Arzallus y la dispersión. José Fco. Aizpuru «Atxito».
Cuando tras las elecciones al Parlamento Vasco de 1986 el PSOE decidió su derecho a la Lehendakaritza, intuimos que el precio que habría de pagar nuestro pueblo sería alto. Tras rechazar las ofertas de EE y EA, decidieron pactar con PNV, obteniendo así la máxima rentabilidad a sus buenos resultados electorales. Supieron jugar sus cartas ante un nacionalismo de fuerte implantación, pero como siempre, dividido. Y así fue. La primera factura que los socialistas se cobraron fue la colaboración de Gobierno Vasco y los partidos que le apoyaban en las políticas de represión que se iban a aplicar contra los prisioneros vascos.

Es la razón por la que el PNV silenció, cuando no aplaudió, la dispersión. Justificando esta actitud leemos en la biografía de Arzallus: «No hay que confundir el fin inicial que persiguió esa política y el sentido que ha cobrado con el paso del tiempo. Ni la dispersión con el alejamiento. En un área de hora y media de carretera habría cárceles más que suficientes para conseguir lo primero, sin caer en lo segundo».
En apoyo a su postura, utiliza los mismos argumentos que los mandamases de PP y PSOE: «No fue una política destinada a castigarlos, sino a liberarlos de la tutela de sus jefes». Y termina diciéndonos que luego el plan se vino abajo (1991) y la dispersión se concibió como un mecanismo de represalia para los presos y sus familiares, pero que inicialmente fue todo lo contrario.
En resumen, nos dice que hubo dos dispersiones: la primera, la buena, en la que él y los suyos participaron activamente; y la segunda, la mala, que supuso un castigo suplementario para presos y familiares.
Mis puntualizaciones. En primer lugar, la dispersión supuso desde el inicio mismo alejamiento de los prisioneros vascos a las cárceles más alejadas de Euskal Herria, incluso a las islas canarias, y ni tú ni tu partido hicisteis nada por evitarlo, y menos denunciarlo.

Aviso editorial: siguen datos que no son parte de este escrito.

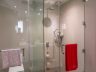 - The first bathroom is generously spaced, with a fixed rainfall shower, a shower enclosure and a white marble vanity counter with two vessel sinks and a mounted full mirror
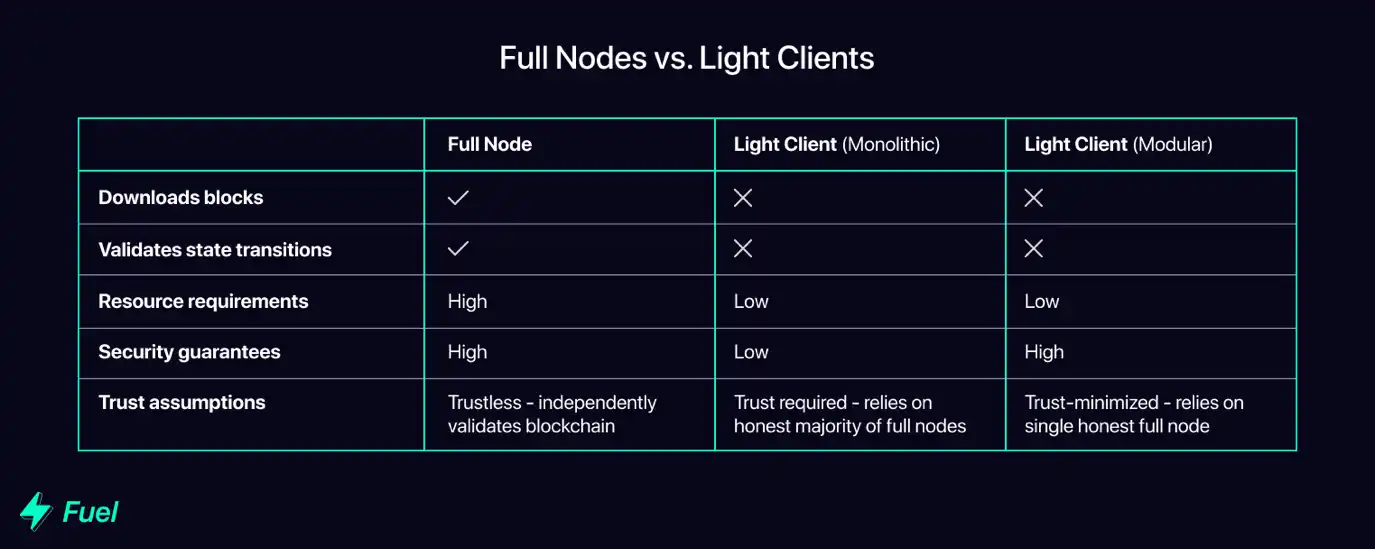 再回到轻客户端身上,我此前说过,就硬件要求而言,轻节点的成本要低得多,但由于它们靠着「多数诚实假设」,安全性会降低。
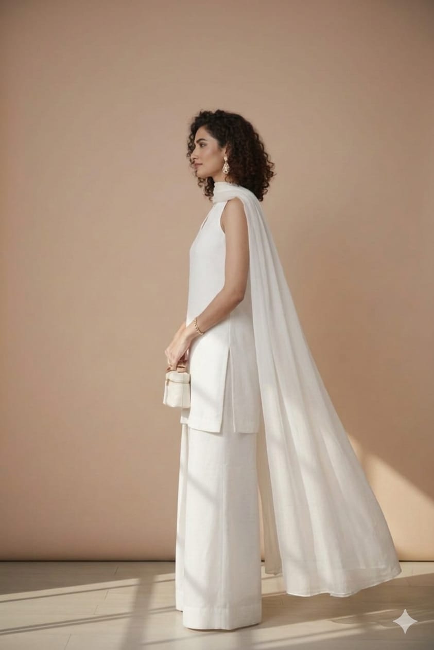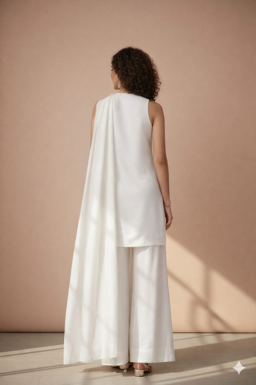 Effortlessly elegant, this ivory ensemble is designed for modern sophistication. The sleeveless tunic features a refined high neckline with a subtle keyhole detail, creating a graceful and polished look. A soft draped cape flows from the shoulders, adding movement and a touch of drama to the silhouette.

En ningún momento dejaron tus socios de aplicar tormento a los prisioneros. Se produjeron los primeros suicidios, y tú callabas; las muertes y heridos consecuencia de esa política de alejamiento no han merecido una nota de queja o repulsa por vuestra parte.
Es difícil comprender vuestra postura y máxime en casos tan delicados como el que tratamos. Difícil que por una lehendakaritza se acepte someter a parte de tu pueblo a las más graves sevicias. Y menos aún, como leemos en tu libro, aceptarlas como buenas.
Ahora habéis tenido la ocasión de uniros al grupo de partidos y asociaciones que han decidido asumir el compromiso para denunciar con firmeza los despropósitos y castigos que se imponen a estas personas presas y a sus familiares, pero tampoco.
No me cabe duda de que algún día diréis lo que habéis hecho por el bien de los así represaliados. Así escribís vuestra historia.